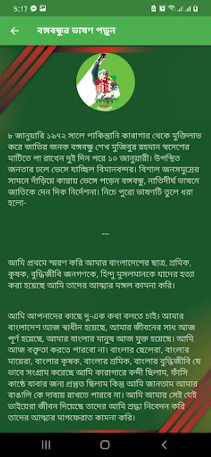 এরপর নতুন করে দেশকে গড়ে তোলার প্রত্যয় ব্যক্ত করেন আবেগী অথচ আত্মবিশ্বাসী কণ্ঠে। বঙ্গবন্ধুর মুখে দিকে তাকিয়ে, তার কণ্ঠের মূর্চ্ছনায়, আবেশিত হয়ে যায় পুরো বাংলাদেশ। প্রতিটি বাঙালির হৃদয় পরিণত হয় পুষ্পবৃষ্টির ফেনিল সায়রে। বাংলাদেশের মহান স্বাধীনতা এবং মুক্তিযোদ্ধাদের বীরোচিত বিজয় পূর্ণতা লাভ করে এই ঐতিহাসিক প্রত্যাবর্তনের মাধ্যমে। ১৬ ডিসেম্বর যুদ্ধে বিজয় লাভ হলেও, ১০ জানুয়ারি তা পরিপূর্ণতা পায়।
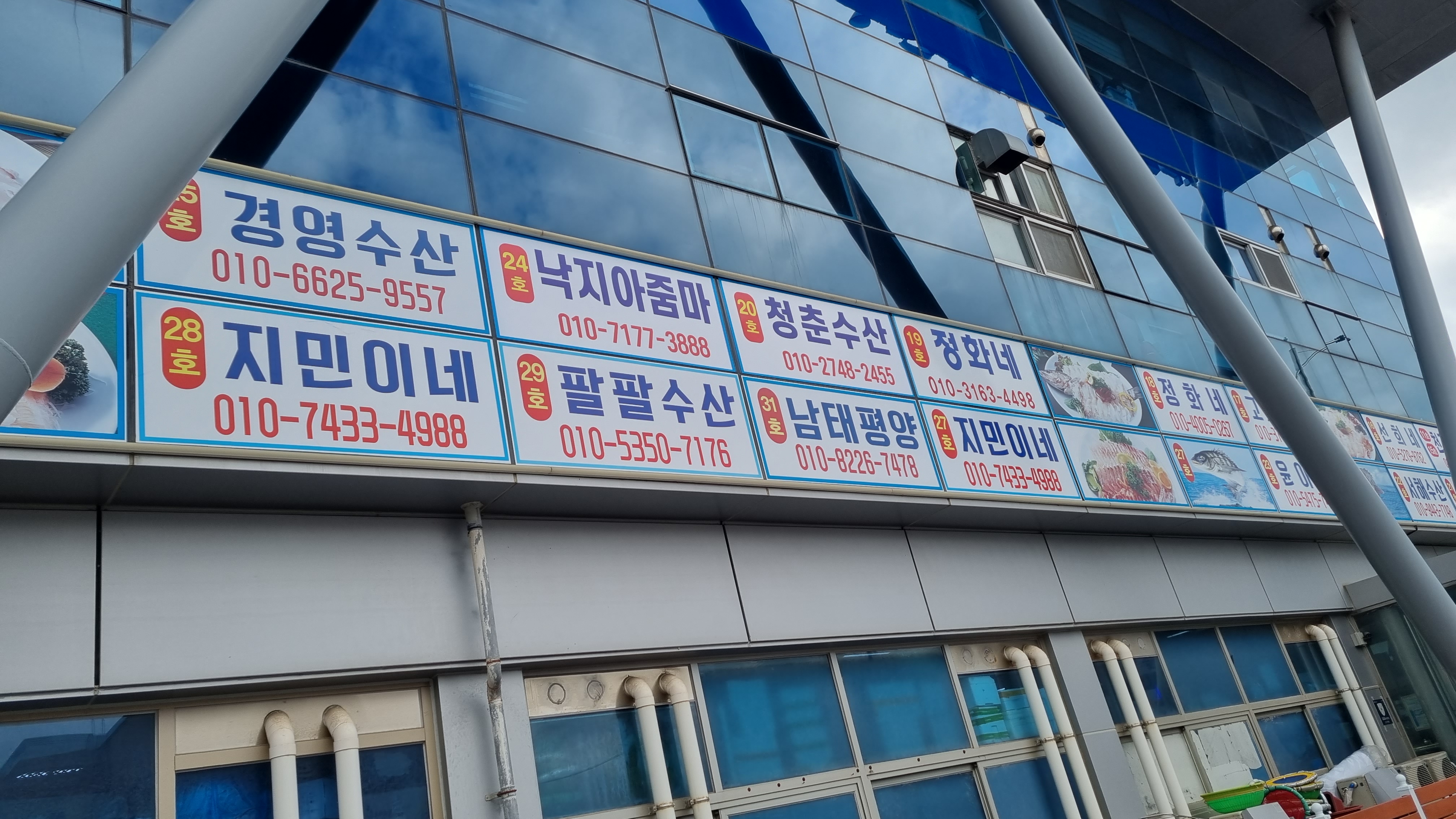 일반 회센터와 비슷하며 많은 입주 상인들이 있어 생선회를 판매하는 곳이며 약간의 흥정도 가능하며 구입 후 2층 식당에서 상차림 비용을 주고 생선회와 매운탕을 드실 수 있는 구조입니다.
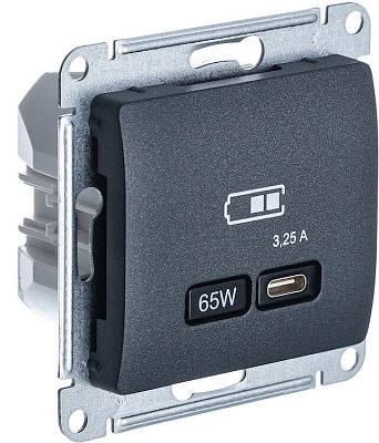 При подборе розеток, выключателей и других элементов для работы с электроэнергией учитывают не только электротехнические параметры, но и эстетику. Glossa Антрацит Розетка USB тип-C 65W высокоскор.заряд. QC, PD, механизм Systeme Electric (Schneider Electric) (GSL000727) — одна из лучших моделей в своем классе по обоим критериям. Производитель Systeme Electric (ранее Schneider Electric) сделал ставку на простую надежную конструкцию и современные материалы, которые обладают высокой устойчивостью к износу. Продукция прошла строгую проверку на безопасность и рассчитана на многолетнюю эксплуатацию в интенсивном режиме. Как официальный дистрибьютор мы готовы поставить любое количество товаров в кратчайшие сроки.
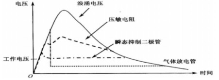 壓敏電阻、 瞬態抑制二極管和氣體放電管具有不同的伏安特性,因此浪涌通過它們時發生的變化不同,圖 20 對浪涌通過這三種器件時的變化進行了比較。
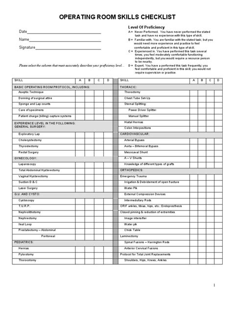 Aorn Operating Room Skills Competency Checklist
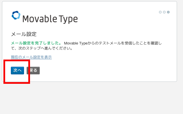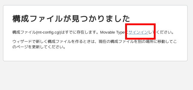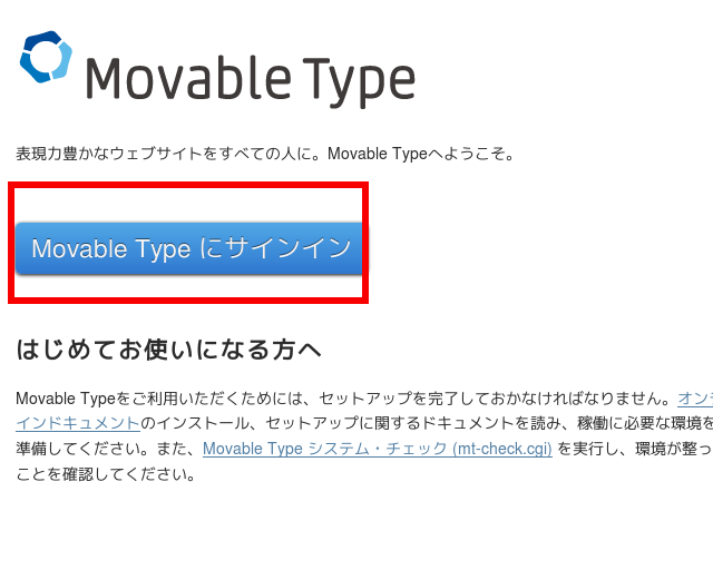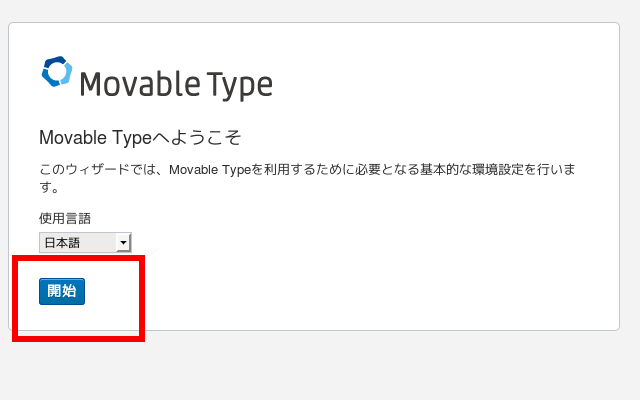 (1)Movable Typeをインストールしたhttp://yoursite/mt6/にアクセスし(「mt6」は例示)、赤枠をクリックして次に進む
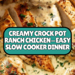 A creamy, flavorful, and effortless dinner recipe featuring tender chicken breasts cooked in a rich ranch and cream of chicken soup sauce in a slow cooker. Perfect for busy weeknights, this Crock Pot Ranch Chicken is easy to prepare and pairs wonderfully with rice, potatoes, or noodles.
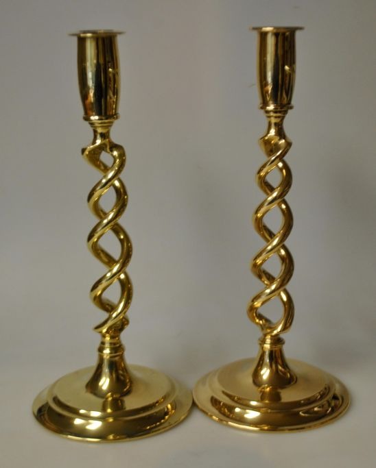 Et par engelske "proptrækker " stager i messing, 19. årh. H.: 26 cm.
= = =
### WORK INSTRUCTIONS
Only the lines from the start of the records through the line containing "При подборе розеток, выключателей" should be repeated, word for word, with the pictures left out.

### RESPONSE AREA
 এরপর নতুন করে দেশকে গড়ে তোলার প্রত্যয় ব্যক্ত করেন আবেগী অথচ আত্মবিশ্বাসী কণ্ঠে। বঙ্গবন্ধুর মুখে দিকে তাকিয়ে, তার কণ্ঠের মূর্চ্ছনায়, আবেশিত হয়ে যায় পুরো বাংলাদেশ। প্রতিটি বাঙালির হৃদয় পরিণত হয় পুষ্পবৃষ্টির ফেনিল সায়রে। বাংলাদেশের মহান স্বাধীনতা এবং মুক্তিযোদ্ধাদের বীরোচিত বিজয় পূর্ণতা লাভ করে এই ঐতিহাসিক প্রত্যাবর্তনের মাধ্যমে। ১৬ ডিসেম্বর যুদ্ধে বিজয় লাভ হলেও, ১০ জানুয়ারি তা পরিপূর্ণতা পায়।
 일반 회센터와 비슷하며 많은 입주 상인들이 있어 생선회를 판매하는 곳이며 약간의 흥정도 가능하며 구입 후 2층 식당에서 상차림 비용을 주고 생선회와 매운탕을 드실 수 있는 구조입니다.
 При подборе розеток, выключателей и других элементов для работы с электроэнергией учитывают не только электротехнические параметры, но и эстетику. Glossa Антрацит Розетка USB тип-C 65W высокоскор.заряд. QC, PD, механизм Systeme Electric (Schneider Electric) (GSL000727) — одна из лучших моделей в своем классе по обоим критериям. Производитель Systeme Electric (ранее Schneider Electric) сделал ставку на простую надежную конструкцию и современные материалы, которые обладают высокой устойчивостью к износу. Продукция прошла строгую проверку на безопасность и рассчитана на многолетнюю эксплуатацию в интенсивном режиме. Как официальный дистрибьютор мы готовы поставить любое количество товаров в кратчайшие сроки.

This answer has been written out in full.